I have no version without those possible speed-ups, but the code ran in a minute or two for a million starting numbers and maybe Perl would run in an acceptable time as, in general, Perl 5 and Python have similar run times for similar algorithms I find. --[[User:Paddy3118|Paddy3118]] 05:06, 25 August 2011 (UTC) :: The perl code already caches everything, so the benefit of a last-three buffer is not obvious. As for doing permutations of seeds, most numbers run into cached sequences pretty fast anyway, so that's not going to help much, either. Calculating only one of a permutation group runs another risk: if there's a sequence A->B->B where A and B are permutations, the result for seed A and seed B may be inconsistent. This doesn't happen for base 10 below 1000000, though (last three numbers of sequence from seed 0 is such an example, which is what, 16 digits long?). :: To put things into perspective, the perl code runs one million in about a minute, but my attention span is only 10 seconds or so, so it felt too long. I really wanted to be able to cache only sorted strings which would give about 10 times speed up and reduce memory usage, but dealing with the A->B->B stuff above was a real dog. --[[User:Ledrug|Ledrug]] 07:30, 25 August 2011 (UTC)

::: The attention span comment gave me a titter :-) --[[User:Paddy3118|Paddy3118]] 13:51, 25 August 2011 (UTC)
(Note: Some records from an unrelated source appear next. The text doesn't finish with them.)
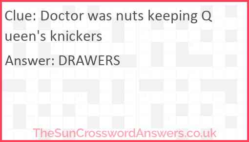 Doctor was nuts keeping Queen's knickers is a crossword clue for which we have 1 possible answer and we have spotted 1 times in our database. This crossword clue was last seen on 21 March 2024 in The Sun Cryptic Crossword puzzle!
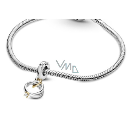 Charm Sterlingové stříbro 925 Snubní prsteny - šťastná láska, 2v1 přívěsek na náramek láska
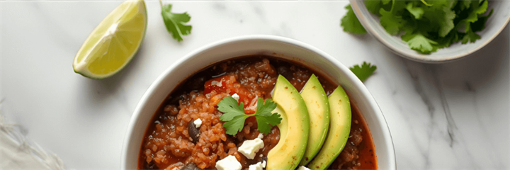 Hearty smoky vegetarian chilli with quinoa and black beans high in protein and fibre and perfect as a warming one pot dinner.
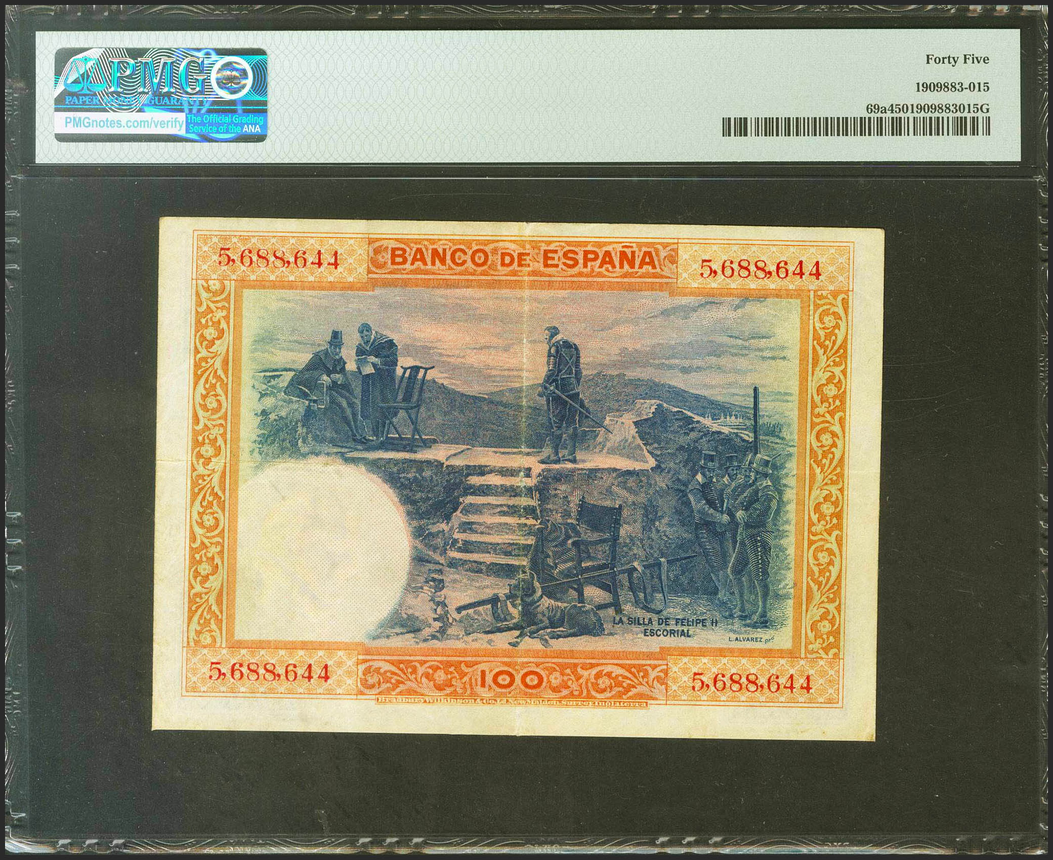 100 Pesetas. 1 de Julio de 1925. Sin serie. (Edifil 2021: 323, Pick: 69a). Inusual en esta calidad. EBC. Encapsulado PMG45.
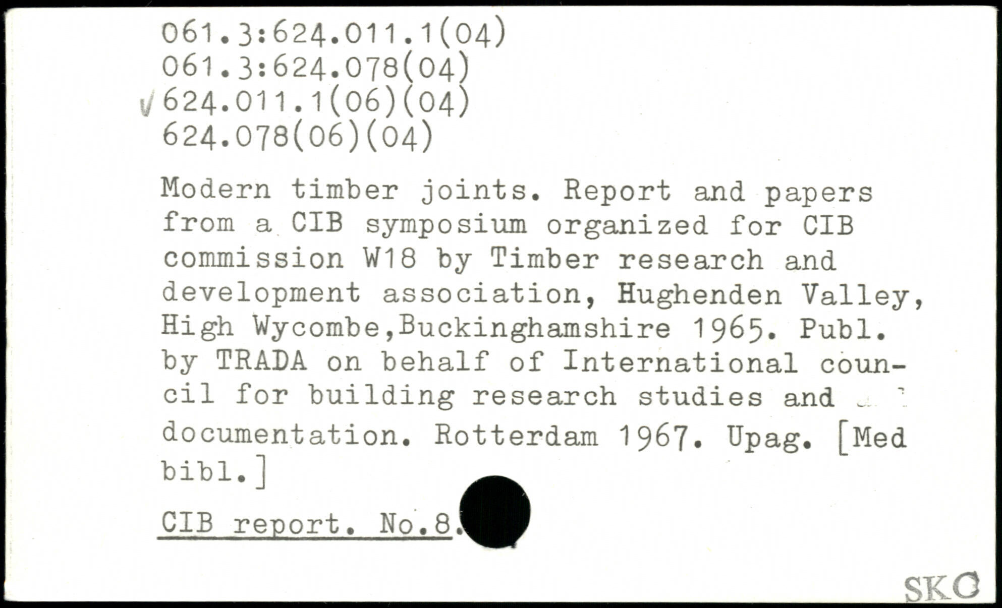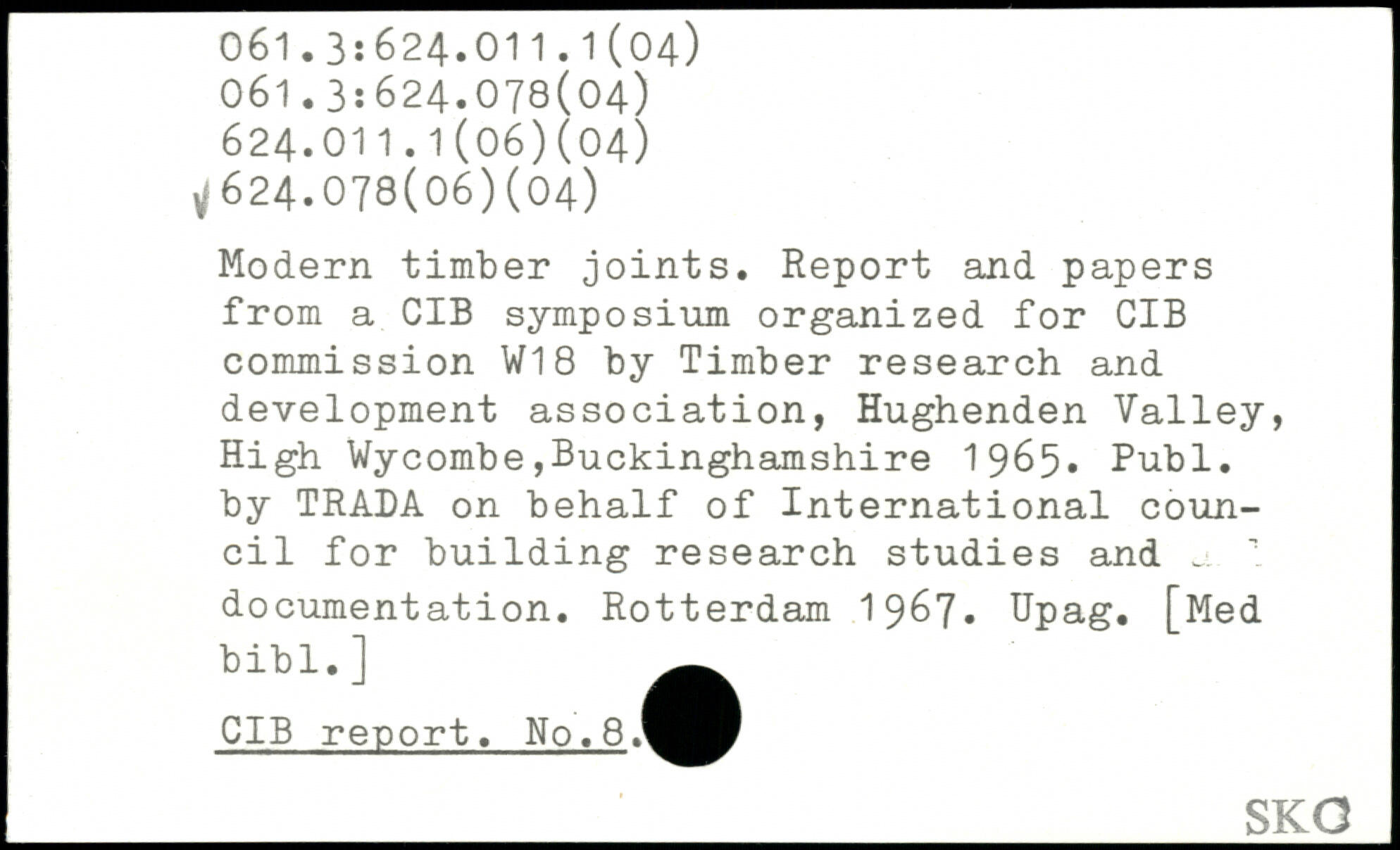 Modern timber joints. Report and papers from a CIB symposium organized for CIB commission W18 by Timber research and development association, Hughenden Valley, High Wycombe,Buckinghamshire 1965.
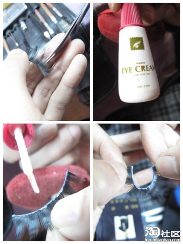 注意:比眼部长度长出2--3毫米最美丽。小心翼翼将胶水涂抹在假睫毛的根部。注意:根部两面都要涂上胶水。
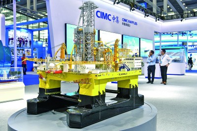 2024中国海洋经济博览会上展出的蓝鲸1号钻井平台模型。新华社发
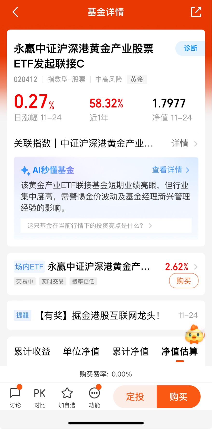 $永赢中证沪深港黄金产业股票ETF发起联接C$昨天收0.27%,近3个月收19.
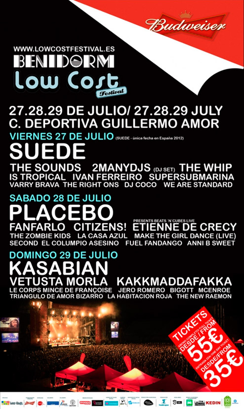 Porque esta nueva edición del Low Cost tiene un cartel muy atractivo. Desfilarán por su escenario Suede, Placebo, Kasabian, The Sounds, Kakkmaddafakka, Le Corps Mince de Françoise, Triángulo de Amor Bizarro, El Columpio Asesino, Is Tropical, Vetusta Morla e Iván Ferreiro, entre mucho otros. Tres días de buena música en Benidorm.
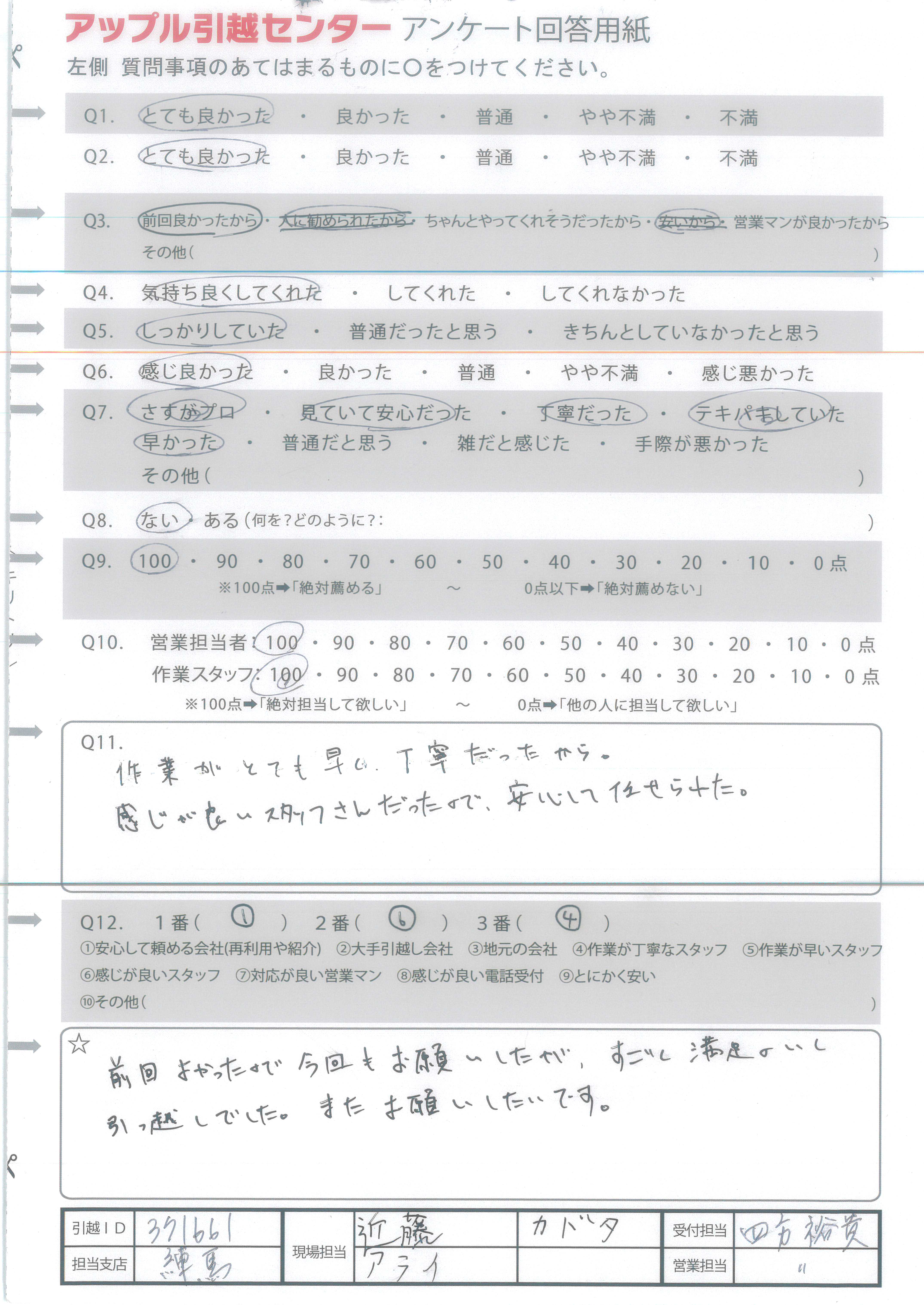 A.前回よかったので今回もお願いしたが、すごく満足のいく引っ越しでした。またお願いしたいです。
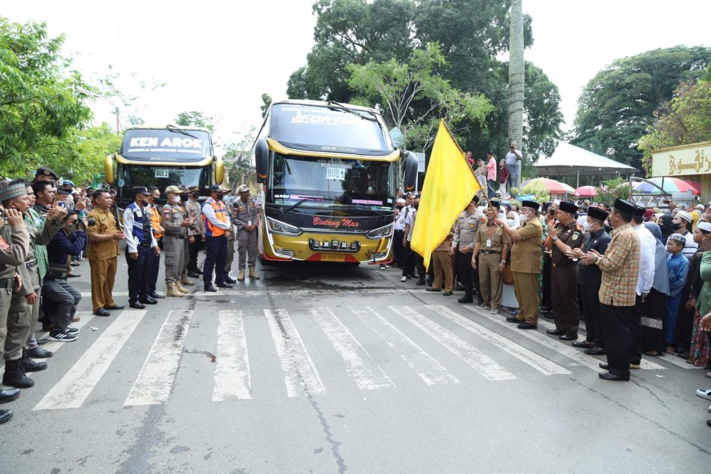 Diketahui, JCH HSU diberangkatkan menggunakan empat buah armada bus dari Masjid Raya At-Taqwa menuju Asrama Haji Banjarmasin dan dilepas langsung oleh Plt Bupati HSU beserta unsur Forkopimda. (Diskominfosandi/ricky/crew)
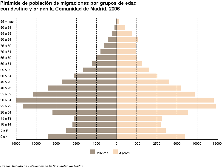 Pirámide de población de migraciones por grupos de edad con destino y origen la Comunidad de Madrid
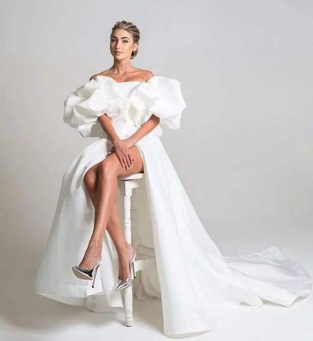 Платье женское свадебное с разрезом по бокам, со съемными рукавами-...
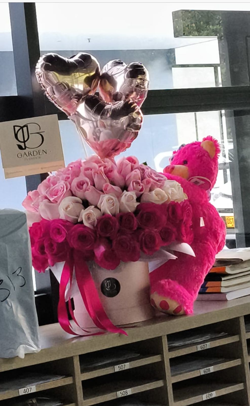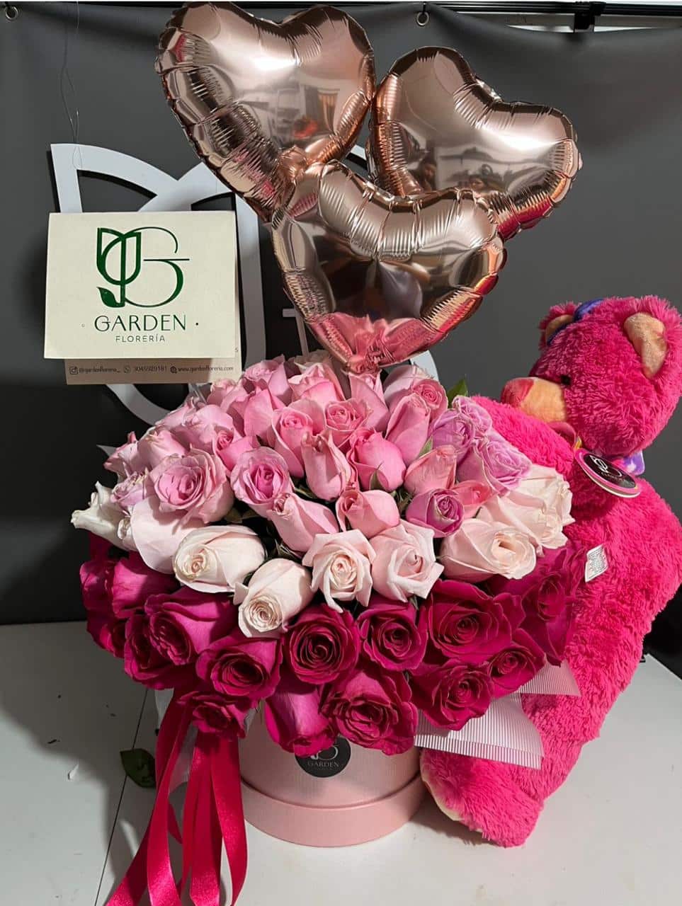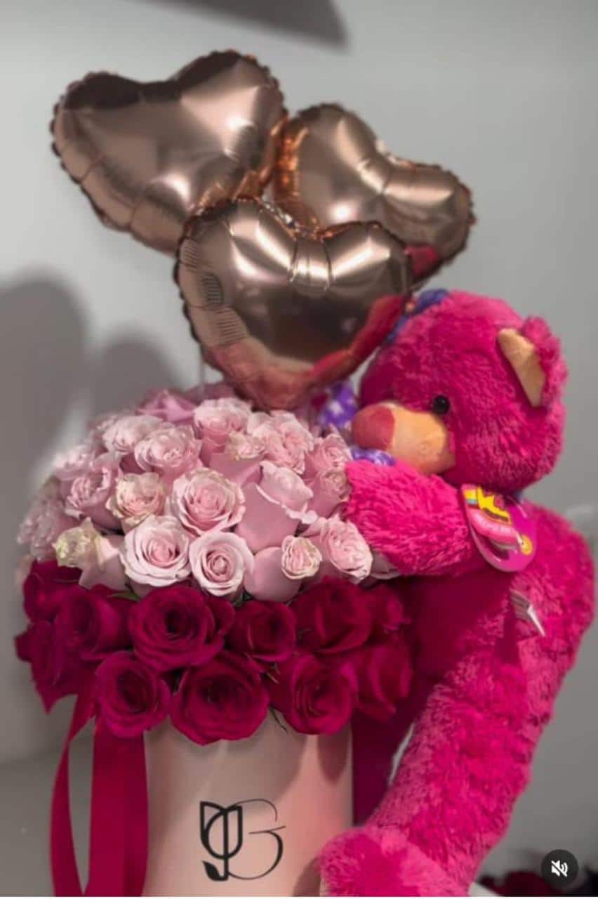 Diseño personalizado de hongo 360° en rosas dos tonos tipo exportación – Peluche y 3 Globitos metalizados
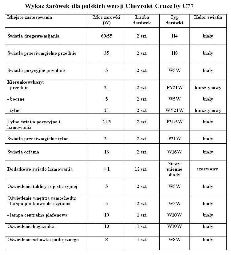 1) Tuší někdo, jaké všechny typy žárovek se na Cruze SW nacházejí (lampy, interier, atp.)? [typy, patice, wattáž, počty kusů a kde se nacházejí]
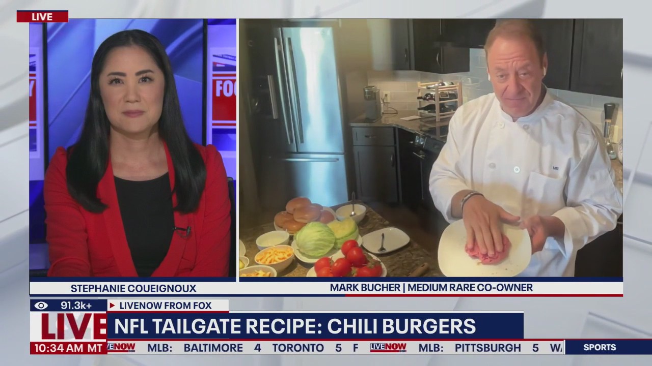 Mark Bucher, co-owner of Medium Rare joins LiveNOW's Stephanie Couiegnoux to share a tutorial of how to make chili burgers for NFL Sunday.
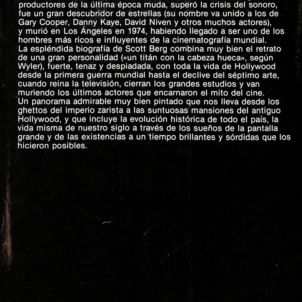 El autor, A. Scott Berg —galardonado posteriormente con el Premio Pulitzer—, realiza en este libro una biografía total del mítico productor Samuel Goldwyn (1879–1974), pionero del cine estadounidense, cofundador de la Paramount Pictures y creador de la marca Metro-Goldwyn-Mayer (MGM).
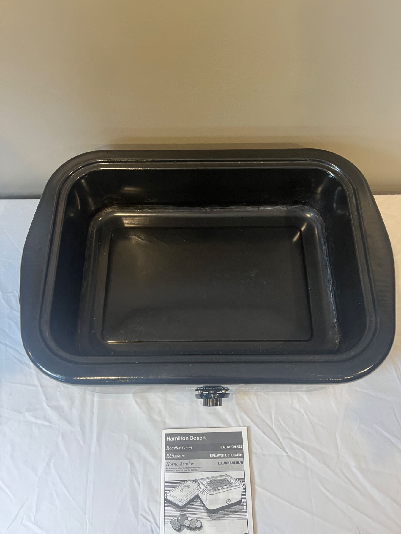 Powers on and creates heat. Has some staining to interior of lid

::: Since we are looking for longest sequences, why does A->B->B matter? --[[User:Rdm|Rdm]] 17:32, 25 August 2011 (UTC) :::: For this task, it doesn't. It's just a matter of general correctness of getting the right length of any sequence. Suppose the task asked for shortest sequences, caching only sorted strings will lead to the conclusion that sequences from A and B are of the same length, while they are not. --[[User:Ledrug|Ledrug]] 17:43, 25 August 2011 (UTC) ::::: That would be a completely different algorithm. Furthermore, you should not want to find the sequence length for that task. --[[User:Rdm|Rdm]] 19:36, 25 August 2011 (UTC) :::::: Er, don't take that example so literally. Suppose the question is, "of numbers 24132231 and 14233221, which has the longest sequence", for example (and no, don't take this example too literally, either. I'm just saying, only caching sorted string of each permutation has its problems.) --[[User:Ledrug|Ledrug]] 21:05, 25 August 2011 (UTC) ::::::: Ok... but as a general rule, overgeneralizing code can introduces complexity and inefficiency. --[[User:Rdm|Rdm]] 21:13, 25 August 2011 (UTC) :::::::: That was what I was griping about... actually come to think of it, now I remember what was bugging me: the C code does function seqlen(n): if n in cache then: return cache[n] else: return 1 + seqlen(next(n))


:::::::: Before this I had <code>if sorted(n) in cache then: return cache[sorted(n)]</code>, which can lead to incorrect results if a sequence ends in A->B->B, where <code>sorted(A)</code> is the same as <code>sorted(B)</code>.  It so happens that it doesn't affect this task, but this consideration is not exactly overgeneralization. --[[User:Ledrug|Ledrug]] 21:26, 25 August 2011 (UTC)
:::::::: Ok, yes... that's worthy of a comment in the code. --[[User:Rdm|Rdm]] 21:31, 25 August 2011 (UTC)

== Draft for how long? ==

So when do we promote it? Is there a implementations-threshold? Do we need to be happy with the name?

== 32 bit C? ==

Is the C version working on 32 bit systems too?
: Bug fixed. Maybe it was caused by puts("") inside a for().

== Seemingly Ungrammatical Sentence ==

''"Find all the positive integer seed values under 1000000, for the above convergent self-referential sequence, that takes the largest number of iterations before converging."''

I cannot make complete sense out of this. What is the complement of the clause "takes the largest number ..."? Since the verb "takes" is singular, the complement must be some singular noun clause, so "seed values" cannot be it.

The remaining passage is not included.